- **EXERCISE PROMPT**
Transcribe only the lines of the listing below from the one holding "この写真は東のナメ滝を遠くからみたところだ。 近くからの写真では下の方しか写らない。 |" through the one holding "変則十字路からコンクリート舗装の道を北北東へ90m上る。", inclusive, without any change.

RECORDED DATA below:

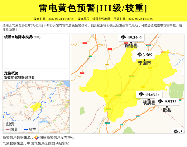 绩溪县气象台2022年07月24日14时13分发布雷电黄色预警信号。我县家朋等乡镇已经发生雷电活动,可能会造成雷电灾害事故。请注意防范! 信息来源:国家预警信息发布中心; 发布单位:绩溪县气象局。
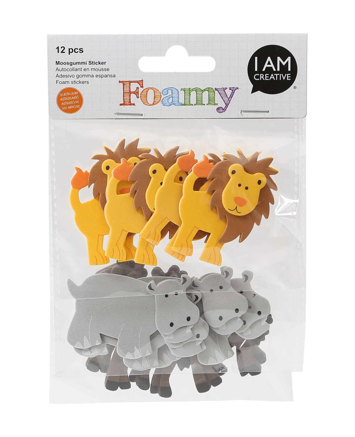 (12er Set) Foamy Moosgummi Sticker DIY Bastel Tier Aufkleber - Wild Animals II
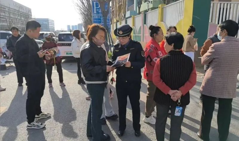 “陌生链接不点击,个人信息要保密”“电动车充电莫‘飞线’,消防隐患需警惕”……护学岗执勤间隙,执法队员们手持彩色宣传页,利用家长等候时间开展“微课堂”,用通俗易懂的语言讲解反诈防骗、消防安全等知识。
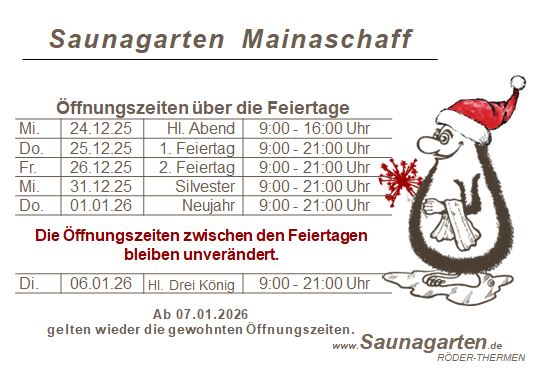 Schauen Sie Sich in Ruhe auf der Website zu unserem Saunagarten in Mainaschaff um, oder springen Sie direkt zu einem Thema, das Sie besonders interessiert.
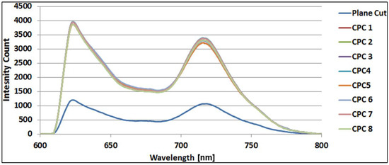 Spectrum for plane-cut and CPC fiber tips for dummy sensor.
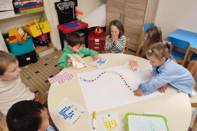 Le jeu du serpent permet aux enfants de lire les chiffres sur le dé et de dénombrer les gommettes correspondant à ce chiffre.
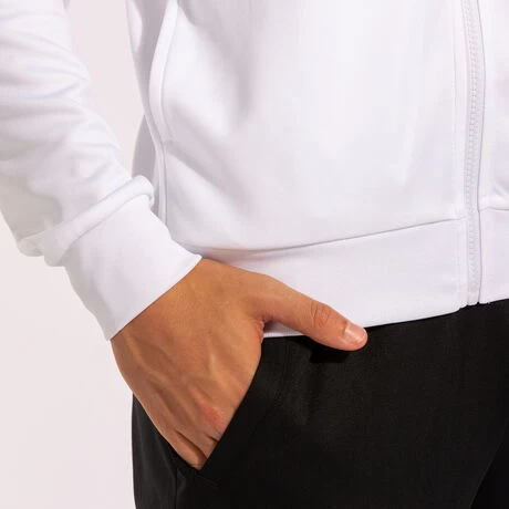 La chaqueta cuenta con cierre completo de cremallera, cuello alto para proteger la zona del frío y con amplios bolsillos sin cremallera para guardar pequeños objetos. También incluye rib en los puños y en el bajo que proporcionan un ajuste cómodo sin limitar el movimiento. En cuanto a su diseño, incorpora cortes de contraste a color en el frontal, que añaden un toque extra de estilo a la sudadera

End of RECORDED DATA.
RECORDED DATA below:

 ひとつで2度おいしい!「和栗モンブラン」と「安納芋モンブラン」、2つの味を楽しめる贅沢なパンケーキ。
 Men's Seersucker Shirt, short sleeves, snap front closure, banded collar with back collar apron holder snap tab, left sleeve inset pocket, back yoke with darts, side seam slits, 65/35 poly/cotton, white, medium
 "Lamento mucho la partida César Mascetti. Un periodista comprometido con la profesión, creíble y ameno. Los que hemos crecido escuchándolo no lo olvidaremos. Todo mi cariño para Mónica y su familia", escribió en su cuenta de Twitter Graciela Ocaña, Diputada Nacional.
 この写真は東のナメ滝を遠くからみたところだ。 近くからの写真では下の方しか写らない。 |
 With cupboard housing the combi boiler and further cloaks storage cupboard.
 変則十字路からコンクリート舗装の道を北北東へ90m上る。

End of RECORDED DATA.
RECORDED DATA below:

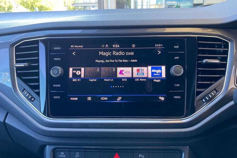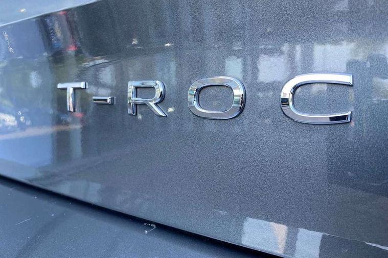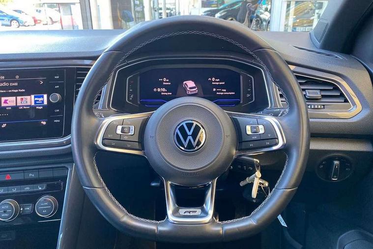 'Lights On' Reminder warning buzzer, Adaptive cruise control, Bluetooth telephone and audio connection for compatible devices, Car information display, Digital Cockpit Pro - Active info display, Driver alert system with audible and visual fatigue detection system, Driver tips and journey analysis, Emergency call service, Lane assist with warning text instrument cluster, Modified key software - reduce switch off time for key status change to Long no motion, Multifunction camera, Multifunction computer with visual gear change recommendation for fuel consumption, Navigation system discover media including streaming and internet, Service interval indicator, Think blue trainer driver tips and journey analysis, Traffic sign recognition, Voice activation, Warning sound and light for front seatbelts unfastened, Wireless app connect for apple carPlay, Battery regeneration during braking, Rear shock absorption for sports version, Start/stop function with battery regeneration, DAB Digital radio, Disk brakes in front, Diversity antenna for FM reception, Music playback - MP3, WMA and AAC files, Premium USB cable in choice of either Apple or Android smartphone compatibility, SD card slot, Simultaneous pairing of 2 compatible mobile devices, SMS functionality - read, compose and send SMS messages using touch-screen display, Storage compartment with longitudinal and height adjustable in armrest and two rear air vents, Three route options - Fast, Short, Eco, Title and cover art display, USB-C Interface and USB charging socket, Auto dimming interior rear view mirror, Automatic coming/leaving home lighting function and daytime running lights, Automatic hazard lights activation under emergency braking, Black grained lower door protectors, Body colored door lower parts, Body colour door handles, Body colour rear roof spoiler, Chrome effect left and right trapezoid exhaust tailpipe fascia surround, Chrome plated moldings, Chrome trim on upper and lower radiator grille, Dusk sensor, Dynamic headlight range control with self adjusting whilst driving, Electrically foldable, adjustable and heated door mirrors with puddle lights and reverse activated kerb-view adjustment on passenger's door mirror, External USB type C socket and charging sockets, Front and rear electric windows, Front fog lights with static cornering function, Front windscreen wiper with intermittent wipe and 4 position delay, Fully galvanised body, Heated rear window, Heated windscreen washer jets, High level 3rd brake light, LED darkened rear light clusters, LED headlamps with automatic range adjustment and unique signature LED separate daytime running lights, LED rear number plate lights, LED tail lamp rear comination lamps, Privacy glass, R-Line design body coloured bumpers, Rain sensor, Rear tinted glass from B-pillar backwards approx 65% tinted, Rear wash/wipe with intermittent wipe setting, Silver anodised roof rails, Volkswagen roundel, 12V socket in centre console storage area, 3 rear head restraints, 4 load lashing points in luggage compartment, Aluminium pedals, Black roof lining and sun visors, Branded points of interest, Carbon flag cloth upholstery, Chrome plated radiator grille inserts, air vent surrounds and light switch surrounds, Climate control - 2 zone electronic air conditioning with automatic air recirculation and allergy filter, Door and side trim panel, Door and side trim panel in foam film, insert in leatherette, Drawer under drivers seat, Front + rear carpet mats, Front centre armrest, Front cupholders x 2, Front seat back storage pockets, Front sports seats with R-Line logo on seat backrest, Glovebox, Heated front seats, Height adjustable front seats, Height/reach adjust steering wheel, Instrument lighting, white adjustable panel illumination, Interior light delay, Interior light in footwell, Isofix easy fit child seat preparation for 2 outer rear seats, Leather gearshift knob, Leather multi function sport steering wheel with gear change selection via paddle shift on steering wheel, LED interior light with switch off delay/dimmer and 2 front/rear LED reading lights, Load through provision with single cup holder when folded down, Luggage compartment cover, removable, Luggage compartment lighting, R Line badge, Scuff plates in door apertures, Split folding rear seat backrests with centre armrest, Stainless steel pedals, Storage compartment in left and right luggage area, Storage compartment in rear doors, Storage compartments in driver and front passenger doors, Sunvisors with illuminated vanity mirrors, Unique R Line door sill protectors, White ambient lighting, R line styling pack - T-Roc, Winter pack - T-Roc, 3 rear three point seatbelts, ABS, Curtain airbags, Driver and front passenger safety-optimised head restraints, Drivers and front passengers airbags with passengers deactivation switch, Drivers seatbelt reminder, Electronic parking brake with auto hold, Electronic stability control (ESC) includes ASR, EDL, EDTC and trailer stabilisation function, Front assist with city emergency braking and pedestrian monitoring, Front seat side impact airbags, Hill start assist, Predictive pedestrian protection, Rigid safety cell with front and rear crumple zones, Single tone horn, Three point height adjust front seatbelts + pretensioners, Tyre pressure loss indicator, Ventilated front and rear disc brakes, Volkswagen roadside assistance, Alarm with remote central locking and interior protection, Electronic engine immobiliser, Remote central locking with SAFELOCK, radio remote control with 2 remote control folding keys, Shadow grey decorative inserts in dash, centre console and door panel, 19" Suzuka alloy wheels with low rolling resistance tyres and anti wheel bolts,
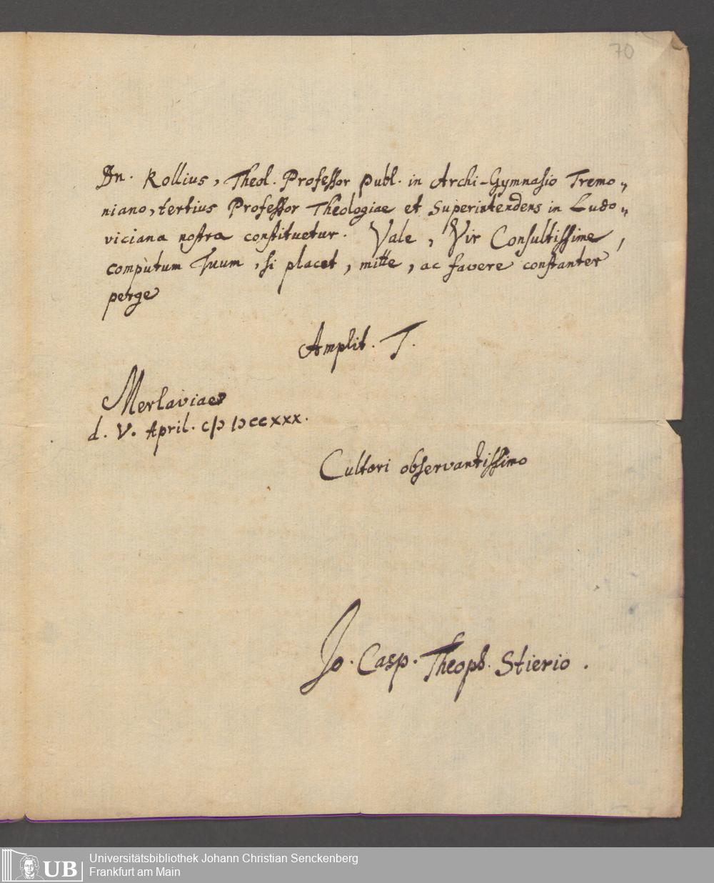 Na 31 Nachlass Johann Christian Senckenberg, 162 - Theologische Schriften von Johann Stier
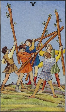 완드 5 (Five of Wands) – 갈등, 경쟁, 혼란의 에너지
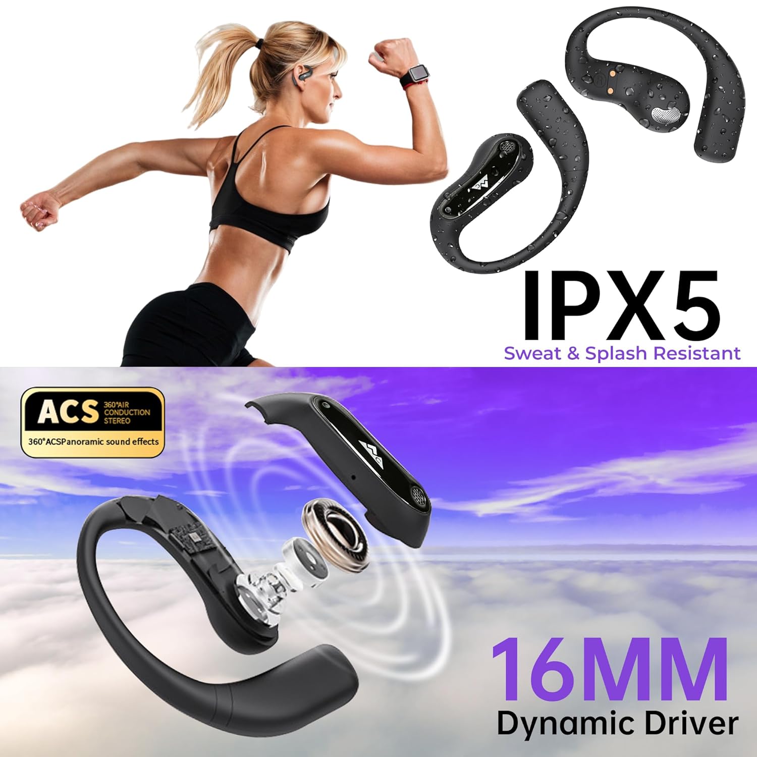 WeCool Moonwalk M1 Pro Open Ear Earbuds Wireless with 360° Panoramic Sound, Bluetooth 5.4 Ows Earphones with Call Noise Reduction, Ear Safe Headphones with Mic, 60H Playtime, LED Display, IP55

End of RECORDED DATA.

- **TASK ANSWER**
 この写真は東のナメ滝を遠くからみたところだ。 近くからの写真では下の方しか写らない。 |
 With cupboard housing the combi boiler and further cloaks storage cupboard.
 変則十字路からコンクリート舗装の道を北北東へ90m上る。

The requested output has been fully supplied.